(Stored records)
--------------------
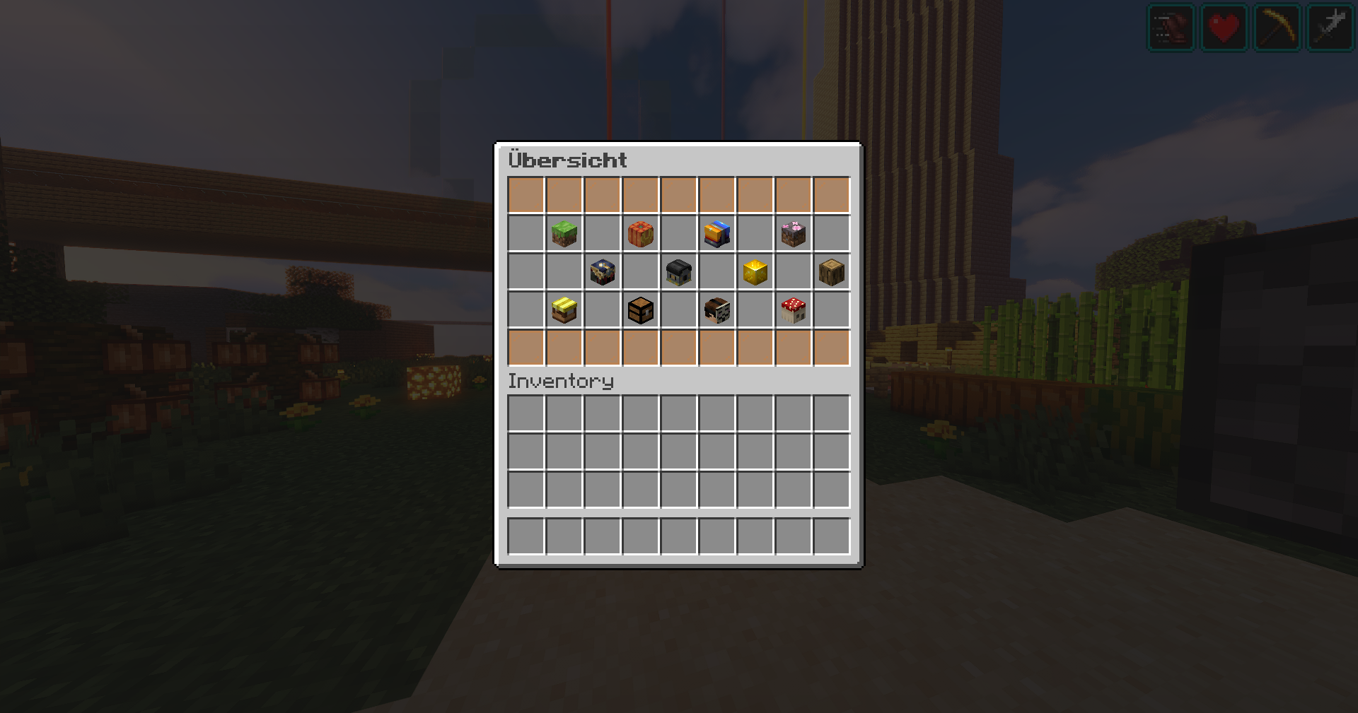 Vorherige Stufe + Sand, Kies, Ton, Erde, Redstoneerz |
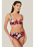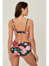 Раздельный купальник из эластичного материала с ярким цветочным принтом.
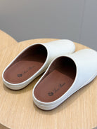 LP TOMORI SABOT MULES WHITE CALFSKIN
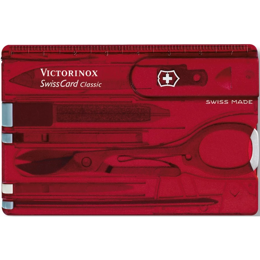 Narzędzie wielofunkcyjne Victorinox SwissCard Classic, w zestawie: nożyk do listów, pęseta, nożyczki, pilnik do paznokci, wykałaczka, długopis i stalowa szpilka, zapakowane pojedynczo w pudełko upominkowe, produkt wykonany ze stali nierdzewnej i plastiku
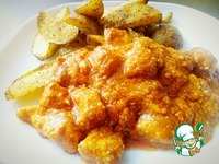Возвращаем соус в сковородку, добавляем уже приготовленную нами курицу и кефир. Тушим всё вместе ещё 10-15 минут. Потом снимаем пробу - можете добавить ещё специй на ваше усмотрение и вкус :-) |
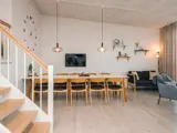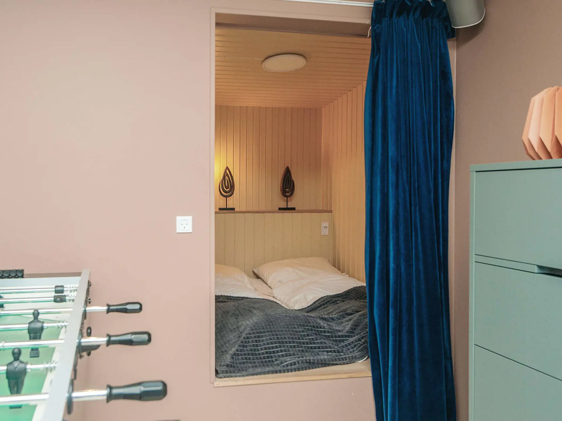 Im Wohnzimmer gibt es neben einer gemütlichen Sitzecke vor dem Fernseher auch einen Kickertisch zum Entspannen.
--------------------
What needs to be done: Look above for the line containing "LP TOMORI SABOT MULES WHITE CALFSKIN"; output that line and all lines after it through the last one exactly, without the pictures.

Your solution:
 LP TOMORI SABOT MULES WHITE CALFSKIN
 Narzędzie wielofunkcyjne Victorinox SwissCard Classic, w zestawie: nożyk do listów, pęseta, nożyczki, pilnik do paznokci, wykałaczka, długopis i stalowa szpilka, zapakowane pojedynczo w pudełko upominkowe, produkt wykonany ze stali nierdzewnej i plastiku
Возвращаем соус в сковородку, добавляем уже приготовленную нами курицу и кефир. Тушим всё вместе ещё 10-15 минут. Потом снимаем пробу - можете добавить ещё специй на ваше усмотрение и вкус :-) |
 Im Wohnzimmer gibt es neben einer gemütlichen Sitzecke vor dem Fernseher auch einen Kickertisch zum Entspannen.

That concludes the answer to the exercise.